Baby pictures of Grant before he was in the accident which Grant often peers at while riding amongst the house in his wheelchair depict a happy contented boy always staring amusedly slightly to the left of the camera; in reminiscence, he was laughing at one of my face morphing acts that I often performed to amuse him. After Grant’s accident I changed my body, played with my talents, all the more constantly to battle his beckoning depression which, if it weren’t for me, would have taken him over completely. Georgia and Grables still were unaware of my existence. I put all my effort towards Grant and Grant alone for a long time. I became his confidant, his guard, his chauffer, his protection against the bad things in the world, the hate, his misery, despair. And it gave me solidarity aiding to Grant, taking care of my chum; I was a part of him—a part of his consciousness. I was part of his identity. And in my world, he was all that mattered; he was all I concerned myself with.


Grant’s family and everyone else associated with Grant for that matter began suspecting of my existence through Grant’s seemingly strange ramblings and rants, when in actuality we would be having a deep and passionate conversation. I tried not to chat with him too often while others were around but he grew into the fashion of speaking with me without a care for who else was in the room. Occasionally Grant would confide in a Normal someone and inform them about my existence—I threatened him that if he spoke about his gift to Normals, they would try to punish him for it.
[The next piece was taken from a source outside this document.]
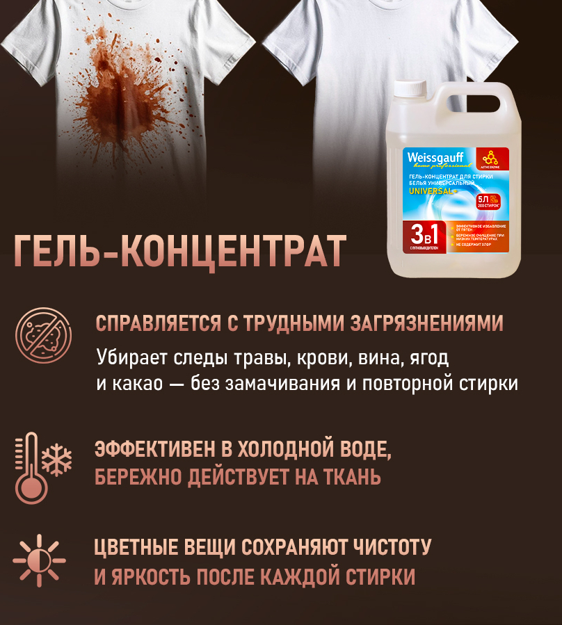 это универсальное средство для стирки, которое рекомендуют ведущие производители. Оно содержит энзимы, оптический пятновыводитель и комплекс для ухода за тканями. Благодаря этому оно эффективно удаляет широкий спектр загрязнений с натуральных и синтетических тканей. Средство справляется с пятнами от косметики, чая, кофе, красного вина, томатного пюре, фруктовых соков, шоколада, крови, травы, грязи, соусов, жирных продуктов и солнцезащитных кремов. Активные поверхностно-активные вещества сохраняют его эффективность даже при низких температурах. Оно подходит для стирки деликатных тканей, включая детское бельё, и рассчитано на 200 стирок.

Certain classmates were his confidants and although they didn’t speak of Grant’s so called “imaginary friend” to anyone of authority, they still certainly didn’t believe in my existence.
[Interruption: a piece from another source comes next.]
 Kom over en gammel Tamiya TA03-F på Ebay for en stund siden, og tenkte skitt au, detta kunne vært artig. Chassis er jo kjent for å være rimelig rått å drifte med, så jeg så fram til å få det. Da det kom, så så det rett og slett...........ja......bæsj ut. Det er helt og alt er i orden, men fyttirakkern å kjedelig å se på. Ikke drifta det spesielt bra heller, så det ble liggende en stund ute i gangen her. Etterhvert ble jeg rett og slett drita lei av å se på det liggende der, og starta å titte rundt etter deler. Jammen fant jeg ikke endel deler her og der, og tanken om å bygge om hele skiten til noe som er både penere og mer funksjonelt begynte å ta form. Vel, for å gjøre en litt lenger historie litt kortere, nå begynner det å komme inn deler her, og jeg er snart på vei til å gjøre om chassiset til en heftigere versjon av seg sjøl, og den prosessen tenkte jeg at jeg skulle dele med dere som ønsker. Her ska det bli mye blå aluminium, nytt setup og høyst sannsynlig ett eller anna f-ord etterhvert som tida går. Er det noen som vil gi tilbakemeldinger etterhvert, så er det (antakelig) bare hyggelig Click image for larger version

Years passed and we became closer. We were just as inseparable as always. To the rest of the world, Grant was a lonely child, one who spent his days and nights alone, apparently muttering to himself, laughing unpredictably and random-like, utterly confused he is they thought.

But Grant had deep comfort for he had someone to spill his secrets to, confess his sadnesses, discuss life and the world that the two of us encumbered. Georgia and Grables became unperceiving beings. They were stuck in their ways. After being with a bland nomad like Grables, Georgia had in turn become something similar to that: a common Normal completely oblivious to her true surroundings. Ignorant—almost unconscious beings.

Most children grew out the imaginary friend phase by this time his parents thought, but their Grant was special.

By the age of fifteen, they had diagnosed Grant as a text book schizophrenic.

He was taken out of school by his parents and sent to an informatory for the gifted. He didn’t mind for he knew that I wouldn’t leave his side. We traveled together in the backseat—I to his left and silent parents up front. At the informatory, Grant was surrounded by other children who had befriended other Nothings like myself.


After a level of comfort was established between Grant and some of the other gifted children--the other regulars who lived there on a daily basis as Grant did, he began to introduce myself to them. Which I found to be exhilarating. It was as if my scheme had finally come to fruition. I had trained a normal child into being just as gifted as the other self-proclaimed born-gifted.



At first, many of the kids at the informatory are reluctant to bring their chums out of the shadows for they are notably selfish with us—especially was the case with Grant. But he came around soon enough as all the young gifted do—and brought me out to meet my allies: other Nothings and other young gifted natives who acknowledge and accept.
For one of the first times in my life, I was surrounded by those of a similar nature to me-- the invisibles, the Nothings, the nowheres. But we were here. And we were together.

And there were more of us out there. And I learned that there has been an uprising —many more like me who have made it their destiny—to be known.